On Jul 30, 2009, at 8:31 PM, byzek wrote:

It's not about performance; a large percentage of the currently- deployed hardware can’t do UDP checksum calculations during encapsulation because it doesn’t have access to the entire packet. Most hardware is streamlined to only provide the first n bytes of a packet to the forwarding engine, where
typically n < 128.

This is one of the primary reasons, as I understood it, why UDP-Lite was defined the way it was -- to allow for a transport-layer checksum, including an IP pseudo-header checksum, in IPv6, without the need to traverse the entire packet.
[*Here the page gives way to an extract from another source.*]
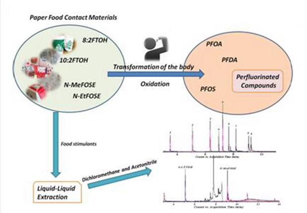 全氟化合物(PFCs)是一類人工合成的化合物,因具有優(yōu)良的高表面活性和疏水疏油性能,被大量應(yīng)用于紡織品或紙制食品接觸材料等諸多與生活相關(guān)的領(lǐng)域中。隨著研究的日益深入,人們發(fā)現(xiàn)全氟類化合物中常見的全氟酸類化合物能在生物體內(nèi)富集,且部分全氟酸類化合物具有生殖毒性,危害人類健康。

In the LISP case, all of the bytes that would need to be "checksummed" for UDP-Lite would be bytes that were _added to the packet_ by the LISP encapsulating router.

When an IPv4/UDP header is pre-pended by a LISP router, the lisp ETR needs to calculate the IP header checksum over 20 bytes (the IP header).

If an IPv6/UDP-Lite header were pre-pended by a LISP router, the ETR would need to calculate an IP header checksum over 48 bytes (the IP pseudo-header and the UDP header).

While I understand that 48 bytes is larger than 20 bytes, we aren't really talking about a major difference when the checksum algorithm is well-optimized and all of the pre-pended header bytes are already in memory.